James Harding, an adjunct wildlife specialist at the Michigan State University Museum who raises several species of turtles at his home, had the answer: snapping turtles can’t endure the cold underground the way painted turtles can, though it’s unknown why. If a snapping turtle hatchling isn’t able to make it to water before everything freezes over, it likely won’t survive to spring.

So it was a good move to get them down to the lake, he said, considering the warm Wednesday was followed by a much cooler Thursday and the frost-freeze overnight into Friday. The colder weather might have made the tiny turtles sluggish in struggling to make the journey on their own.

These hatchlings will not eat, given they have a “gut full of yolk” that will need to be digested before they go into torpor for the winter, when they can’t have anything internally that would decay and bloat up the system, he said.

But they might be eaten, Harding said.

“They have a lot of enemies,” he said.

At this size, a baby turtle can be sucked in by a northern pike or largemouth bass, snatched up by herons or birds of prey — Harding said bald eagle nests have been found with young turtle shells underneath — and even tackled by larger-sized green frogs. While young painted turtles appear to instinctively “scratch like crazy” if swallowed, threatening enough internal damage they may be spit out, snapping turtle hatchlings are more likely to rely on staying still and not being seen, Harding said.

If the tiny snappers manage to navigate these dangerous times, they’ll need to find a good hibernating spot on the lake bottom, Harding said. It’s a myth, he added, that turtles burrow into the mud, as they have to be able to take in some oxygen underwater, through the skin and, oddly, “cloacal respiration” — humorously referred to as “breathing through their butts,” though it’s not exactly the same, just another way to absorb oxygen from the water.

The process is well explained in Harry Baker’s Live Science article, “Can turtles really breathe through their butts?” published July 31 at https://www.livescience.com/can-turtles-breathe-through-butts.

In the article, Baker quotes Craig Franklin, a wildlife physiologist at The University of Queensland in Australia, that cloacal respiration allows some river turtles to remain underwater longer, so they don’t have to expend energy and expose themselves by frequently going to the surface.

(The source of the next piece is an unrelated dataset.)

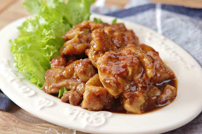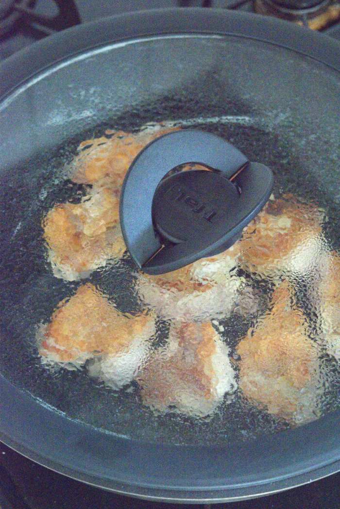④蓋を取り●を加え、フライパンをゆすりながら鶏もも肉にたれを絡める。
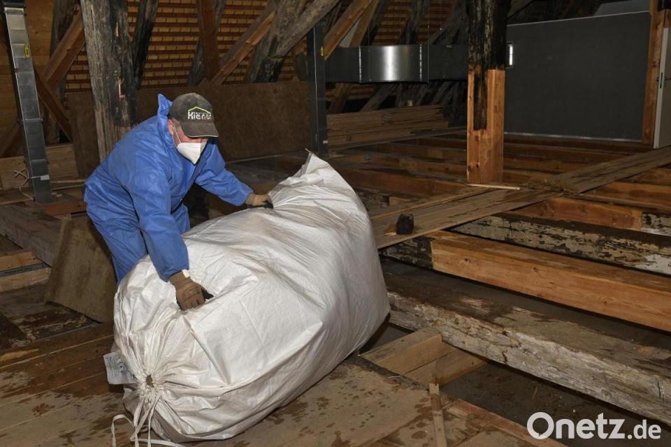 "Die Verpressung hat sich einfach gelöst", sagte er, die Suche nach den Gründen dafür läuft. Wobei laut Meier von den 30 Kubikmetern, die ausgetreten sind, nur ein geringer Teil über Leitungsschächte in den eigentlichen Archivbau eingedrungen sind. Trotzdem stand das Wasser hier beim Eintreffen der Feuerwehr zum Teil zentimeterhoch, rund 80 der hier gelagerten wertvollen Archivalien sind direkt geschädigt. Sie wurden inzwischen nach Leipzig ins Zentrum für Bucherhaltung gebracht. "In nüchternen Zahlen sind das 125 Kilogramm", sagte Meier. Die Kosten für Gefriertrocknung und Transport liegen bei rund 5000 Euro, der Aufwand für die eventuell notwendige Sanierung der Bände - darunter 40 Ratsbücher - stehen augenblicklich noch nicht fest.

Franklin notes that juvenile turtles tend to be better at it, probably to avoid predators. “The greatest risk of predation for a hatching turtle is swimming through the water column to the surface,” Franklin said.

This was in reference to Australian turtles but could be expected to apply here as well.

Another myth, Harding said, is turtles completely shut down throughout the winter. He has seen turtles move under the ice, though that movement will be limited to keep from expending too much energy.

The young snapping turtles that make it through the challenges of predators and seasons will reach maturity at about 8 inches in 10 to 12 years, at which point they face few natural threats except being struck by vehicles or killed by humans. Unlike some other species, such as wood turtles, snapping turtles will continue growing throughout their lifetime, Harding said. They can live 30 to nearly 50 years, according to the University of Michigan Museum of Zoology’s Animal Diversity Web site, https://animaldiversity.org.

So good luck to the quintuplets. Perhaps in a decade or so I’ll be lucky enough to see one haul itself through the backyard and dig into the driveway to start the next generation.